As expected when Bob isn't lying our graph converges towards $p_\text{true}$ normally. Interestingly, when Bob is lying, although after all 5 sets of flips the posterior looks closely matches that to when Bob is telling the truth. For the first and second posterior we get a bimodal distribution meaning we are not sure about whether to trust our data or our prior. 

This shows that for sparse data regimes, the choice of prior is important but for regimes where there is lots of data it is much less important. 

 

The two interesting cases to look at are when our prior guess is right, such that $p_{\mu} \approx p_{\text{true}}$ and when our prior is very wrong, so we have been tricked and were given a coin with bias very different to what we thought. 

![Non_Uniform_Bayes](figs/non_uniform.png)

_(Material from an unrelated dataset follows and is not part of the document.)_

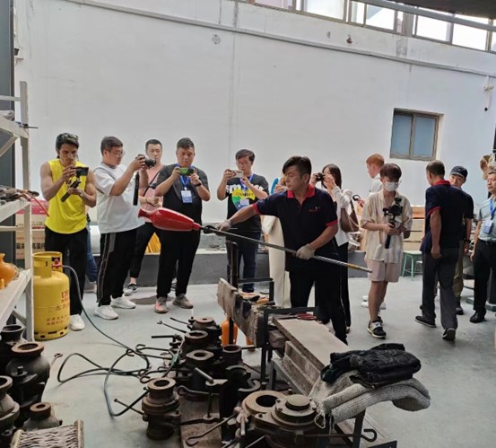 A delegation of 11 international students from countries such as Angola, Georgia, Indonesia, South Korea, Pakistan, the Philippines, and the United Kingdom delved into Boshan district's "chicken fat" yellow glass art in Zibo city, Shandong province, on Sept 5.

In the bottom graph we see when our prior is right, each of the updated posteriors rapidly converges to the true value, with a more spiked (confident) distribution. However, when we have been tricked and our prior is very wrong, the posteriors are 'dragged' away from our prior as more and more data flows in. This reflects the balance between our initial opinion that a coin with $p_{\text{true}}=0.1$ is very unlikely, combined with the fact that we keep flipping tails over and over. It is interesting to see that even for only $N=100$ flips total, the posterior has moved significantly away from the initial prior.

Choosing a good prior can become very important when working with more complicated models. For example, in a 100-dimensional bayesian inference, the volume of posterior space to explore becomes huge and the process of converging our prior onto the true posterior becomes exponentially slower. Therefore choosing a prior which is accurate can drastically reduce the amount of data and computational resources required.